Problem statement
Every record, from first to last, should be written out again exactly.

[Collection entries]
[Start of section]
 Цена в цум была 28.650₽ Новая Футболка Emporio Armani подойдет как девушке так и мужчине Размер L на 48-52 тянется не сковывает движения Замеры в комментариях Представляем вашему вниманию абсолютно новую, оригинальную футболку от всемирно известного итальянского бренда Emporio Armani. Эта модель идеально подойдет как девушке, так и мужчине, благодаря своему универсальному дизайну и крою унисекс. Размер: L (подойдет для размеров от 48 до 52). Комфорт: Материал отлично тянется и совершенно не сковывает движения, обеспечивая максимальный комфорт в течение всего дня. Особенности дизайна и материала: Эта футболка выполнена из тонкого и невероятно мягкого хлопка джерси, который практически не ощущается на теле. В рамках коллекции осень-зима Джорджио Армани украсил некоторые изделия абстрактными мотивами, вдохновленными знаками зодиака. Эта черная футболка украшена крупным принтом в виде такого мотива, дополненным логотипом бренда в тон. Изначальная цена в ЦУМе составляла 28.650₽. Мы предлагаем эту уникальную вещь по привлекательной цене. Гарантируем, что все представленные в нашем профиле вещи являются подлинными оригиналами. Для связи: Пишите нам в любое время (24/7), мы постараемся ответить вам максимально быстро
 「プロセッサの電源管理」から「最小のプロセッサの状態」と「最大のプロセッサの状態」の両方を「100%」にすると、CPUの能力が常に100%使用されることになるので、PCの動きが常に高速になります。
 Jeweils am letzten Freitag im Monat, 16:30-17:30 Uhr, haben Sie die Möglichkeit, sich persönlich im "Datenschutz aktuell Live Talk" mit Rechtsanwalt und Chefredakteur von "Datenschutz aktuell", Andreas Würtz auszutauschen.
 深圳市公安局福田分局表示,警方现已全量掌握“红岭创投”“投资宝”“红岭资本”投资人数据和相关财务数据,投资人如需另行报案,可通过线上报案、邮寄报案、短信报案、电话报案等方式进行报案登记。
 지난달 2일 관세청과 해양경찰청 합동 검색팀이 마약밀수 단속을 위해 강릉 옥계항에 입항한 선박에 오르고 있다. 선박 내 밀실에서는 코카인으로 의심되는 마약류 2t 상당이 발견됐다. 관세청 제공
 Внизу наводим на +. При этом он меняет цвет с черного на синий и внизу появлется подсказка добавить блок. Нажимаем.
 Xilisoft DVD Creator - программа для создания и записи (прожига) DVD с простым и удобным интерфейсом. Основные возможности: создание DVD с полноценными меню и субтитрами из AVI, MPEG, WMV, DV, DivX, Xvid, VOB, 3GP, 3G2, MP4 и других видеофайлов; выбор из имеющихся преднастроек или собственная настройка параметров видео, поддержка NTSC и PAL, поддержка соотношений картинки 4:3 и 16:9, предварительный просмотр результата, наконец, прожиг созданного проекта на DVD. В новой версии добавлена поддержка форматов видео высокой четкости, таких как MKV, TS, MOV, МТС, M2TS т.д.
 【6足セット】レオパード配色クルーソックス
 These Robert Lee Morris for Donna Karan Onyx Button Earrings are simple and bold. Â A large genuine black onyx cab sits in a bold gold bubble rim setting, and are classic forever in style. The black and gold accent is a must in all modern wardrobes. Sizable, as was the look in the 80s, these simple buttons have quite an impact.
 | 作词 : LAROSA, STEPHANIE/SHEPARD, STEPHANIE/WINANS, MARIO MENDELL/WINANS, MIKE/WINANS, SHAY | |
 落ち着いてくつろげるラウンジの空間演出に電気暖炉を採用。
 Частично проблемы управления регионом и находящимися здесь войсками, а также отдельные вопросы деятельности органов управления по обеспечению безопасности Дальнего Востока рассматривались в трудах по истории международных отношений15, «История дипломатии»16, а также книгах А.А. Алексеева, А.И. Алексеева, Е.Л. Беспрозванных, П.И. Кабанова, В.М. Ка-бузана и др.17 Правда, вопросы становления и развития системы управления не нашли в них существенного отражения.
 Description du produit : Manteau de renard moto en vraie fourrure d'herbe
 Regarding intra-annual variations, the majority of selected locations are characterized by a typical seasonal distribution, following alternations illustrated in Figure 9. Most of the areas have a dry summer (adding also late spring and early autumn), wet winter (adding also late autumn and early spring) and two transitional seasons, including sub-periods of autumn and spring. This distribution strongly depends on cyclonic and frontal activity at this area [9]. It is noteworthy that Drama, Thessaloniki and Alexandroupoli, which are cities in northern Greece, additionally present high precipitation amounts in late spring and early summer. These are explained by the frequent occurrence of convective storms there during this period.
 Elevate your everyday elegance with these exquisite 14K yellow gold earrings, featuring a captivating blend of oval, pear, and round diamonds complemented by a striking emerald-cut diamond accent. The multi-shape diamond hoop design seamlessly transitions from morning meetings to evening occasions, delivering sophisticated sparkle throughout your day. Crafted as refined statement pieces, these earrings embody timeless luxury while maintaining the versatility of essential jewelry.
[End of section]
Answer to the exercise
 Цена в цум была 28.650₽ Новая Футболка Emporio Armani подойдет как девушке так и мужчине Размер L на 48-52 тянется не сковывает движения Замеры в комментариях Представляем вашему вниманию абсолютно новую, оригинальную футболку от всемирно известного итальянского бренда Emporio Armani. Эта модель идеально подойдет как девушке, так и мужчине, благодаря своему универсальному дизайну и крою унисекс. Размер: L (подойдет для размеров от 48 до 52). Комфорт: Материал отлично тянется и совершенно не сковывает движения, обеспечивая максимальный комфорт в течение всего дня. Особенности дизайна и материала: Эта футболка выполнена из тонкого и невероятно мягкого хлопка джерси, который практически не ощущается на теле. В рамках коллекции осень-зима Джорджио Армани украсил некоторые изделия абстрактными мотивами, вдохновленными знаками зодиака. Эта черная футболка украшена крупным принтом в виде такого мотива, дополненным логотипом бренда в тон. Изначальная цена в ЦУМе составляла 28.650₽. Мы предлагаем эту уникальную вещь по привлекательной цене. Гарантируем, что все представленные в нашем профиле вещи являются подлинными оригиналами. Для связи: Пишите нам в любое время (24/7), мы постараемся ответить вам максимально быстро
 「プロセッサの電源管理」から「最小のプロセッサの状態」と「最大のプロセッサの状態」の両方を「100%」にすると、CPUの能力が常に100%使用されることになるので、PCの動きが常に高速になります。
 Jeweils am letzten Freitag im Monat, 16:30-17:30 Uhr, haben Sie die Möglichkeit, sich persönlich im "Datenschutz aktuell Live Talk" mit Rechtsanwalt und Chefredakteur von "Datenschutz aktuell", Andreas Würtz auszutauschen.
 深圳市公安局福田分局表示,警方现已全量掌握“红岭创投”“投资宝”“红岭资本”投资人数据和相关财务数据,投资人如需另行报案,可通过线上报案、邮寄报案、短信报案、电话报案等方式进行报案登记。
 지난달 2일 관세청과 해양경찰청 합동 검색팀이 마약밀수 단속을 위해 강릉 옥계항에 입항한 선박에 오르고 있다. 선박 내 밀실에서는 코카인으로 의심되는 마약류 2t 상당이 발견됐다. 관세청 제공
 Внизу наводим на +. При этом он меняет цвет с черного на синий и внизу появлется подсказка добавить блок. Нажимаем.
 Xilisoft DVD Creator - программа для создания и записи (прожига) DVD с простым и удобным интерфейсом. Основные возможности: создание DVD с полноценными меню и субтитрами из AVI, MPEG, WMV, DV, DivX, Xvid, VOB, 3GP, 3G2, MP4 и других видеофайлов; выбор из имеющихся преднастроек или собственная настройка параметров видео, поддержка NTSC и PAL, поддержка соотношений картинки 4:3 и 16:9, предварительный просмотр результата, наконец, прожиг созданного проекта на DVD. В новой версии добавлена поддержка форматов видео высокой четкости, таких как MKV, TS, MOV, МТС, M2TS т.д.
 【6足セット】レオパード配色クルーソックス
 These Robert Lee Morris for Donna Karan Onyx Button Earrings are simple and bold. Â A large genuine black onyx cab sits in a bold gold bubble rim setting, and are classic forever in style. The black and gold accent is a must in all modern wardrobes. Sizable, as was the look in the 80s, these simple buttons have quite an impact.
 | 作词 : LAROSA, STEPHANIE/SHEPARD, STEPHANIE/WINANS, MARIO MENDELL/WINANS, MIKE/WINANS, SHAY | |
 落ち着いてくつろげるラウンジの空間演出に電気暖炉を採用。
 Частично проблемы управления регионом и находящимися здесь войсками, а также отдельные вопросы деятельности органов управления по обеспечению безопасности Дальнего Востока рассматривались в трудах по истории международных отношений15, «История дипломатии»16, а также книгах А.А. Алексеева, А.И. Алексеева, Е.Л. Беспрозванных, П.И. Кабанова, В.М. Ка-бузана и др.17 Правда, вопросы становления и развития системы управления не нашли в них существенного отражения.
 Description du produit : Manteau de renard moto en vraie fourrure d'herbe
 Regarding intra-annual variations, the majority of selected locations are characterized by a typical seasonal distribution, following alternations illustrated in Figure 9. Most of the areas have a dry summer (adding also late spring and early autumn), wet winter (adding also late autumn and early spring) and two transitional seasons, including sub-periods of autumn and spring. This distribution strongly depends on cyclonic and frontal activity at this area [9]. It is noteworthy that Drama, Thessaloniki and Alexandroupoli, which are cities in northern Greece, additionally present high precipitation amounts in late spring and early summer. These are explained by the frequent occurrence of convective storms there during this period.
 Elevate your everyday elegance with these exquisite 14K yellow gold earrings, featuring a captivating blend of oval, pear, and round diamonds complemented by a striking emerald-cut diamond accent. The multi-shape diamond hoop design seamlessly transitions from morning meetings to evening occasions, delivering sophisticated sparkle throughout your day. Crafted as refined statement pieces, these earrings embody timeless luxury while maintaining the versatility of essential jewelry.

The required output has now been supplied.